Federal authorities are investigating
Under Armor Inc.
Accounting practices in a study examining whether a sportswear manufacturer has shifted sales from quarter to quarter to look healthier to people familiar with the matter.
As part of a probe that was not made public, investigators questioned people. in Baltimore, where the company is based, as recently as last week, one of the people said.
Justice Department prosecutors are conducting a criminal investigation into the matter in coordination with civilian investigators at the Securities and Exchange Commission, said another person.
Under armor said he was cooperating with the SEC Department of Justice. "The company began responding in July 201
Ministry of Justice and SEC spokesmen declined comment.
When examining what are known as revenue recognition practices, authorities usually focus on whether companies record revenue before it is earned or deferring cost dates to make profits stronger, among other possible contraventions.
The company, which should report its third quarter results on Monday, restructured its operations and struggled with weak sales over the past two years. By then, it was among the fastest growing apparel manufacturers, taking 26 straight quarters with the fewest 20% annual revenue growth.
This series ended abruptly when Under Armor missed its sales targets in the last quarter of 2016. On January 31, 2017, the company's stock plummeted after reporting 12% sales growth during the holiday quarter and lowering its forecast for growth for next year. On that day, Under Armor also stated that its then head of funding was leaving after a year of work.
At that time the founder, chairman and CEO
attributed the slowdown to fewer shopper visits, the company's product range and changes in the sportswear industry, including the bankruptcies of retailers such as Sports Authority Inc. Mr Planck moves to restructure operations, cutting jobs and hiring an outsider,
Under the armor were three chief financial officers from 2016 to 2017.
who has been CFO since 2008, left the company in February 2016.
Former CEO of PetSmart Inc., took over but remained one year on the job. At the time, the gun indicated unspecified personal reasons for leaving it.
was named acting finance manager in February 2017 after the company announced its missed quarterly sales and the release of Mr Molloy. Mr. Bergman, who has worked at Under Armor since 2004 in various financial roles, was appointed Permanent Chief Financial Officer in December 2017.
Masters. Dickerson, Molloy and Bergman did not respond to requests for comment Sunday.
The slower growth, coupled with some unexpected declines in quarterly earnings, has raised concerns about Under Armor's ability to continue to gain market share from
, Class A shares of the company, which once traded above $ 40, closed at $ 21.14 on Friday.
Last month, the company announced that Mr. Planck stepped down as CEO on January 1, after more than 20 years in the role. Mr. Planck plans to remain with the company as CEO and Head of Brand, and Mr. Frisco will take over as CEO and continue to report to Mr. Planck.
Mr. Planck, a former University of Maryland football player, founded Under Armor in his grandmother's basement with sweat-clad clothing. Over time, he added new products and hit endorsements with athletes, including an NBA star
building the company into a global brand with about $ 5 billion in annual sales.
In recent years, the company has refocused on performance apparel, but continues to struggle in its domestic market. During its second fiscal quarter, Under Armor reported a 3% drop in North American sales and said it expects them to decline year-round.

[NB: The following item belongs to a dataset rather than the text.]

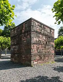 The most prominent part of the memorial site is the frieze of metal blocks on the outer wall of the Old Jewish Cemetery. It commemorates Jews who were murdered during the Nazi era or died as a result of persecution, and who were associated with Frankfurt either by birth (Anne Frank is an example) oder because they had resided there or were deported from Frankfurt. The inscriptions on the metal blocks inform the visitors about the names of these victims as well as their basic biographical data (date of birth, date of death if known and place of death).[2] Visitors can place small stones on the blocks according to Jewish mourning rites.

Analysts expect total sales of $ 1.41 billion in the third quarter, compared to $ 1.44 billion for the same period last year.
Like many companies, Under Armor has faced complaints from current and former employees about its culture, including spending club visits and inappropriate executives' behavior, The Journal reported. Mr Planck spoke openly about Armor's shortcomings, promised to make improvements and replace some senior executives.
When announcing plans to hand over the title to CEO, the 47-year-old billionaire said the decision was part of the company's long-term succession planning.
—Dave Michaels contributed to this article.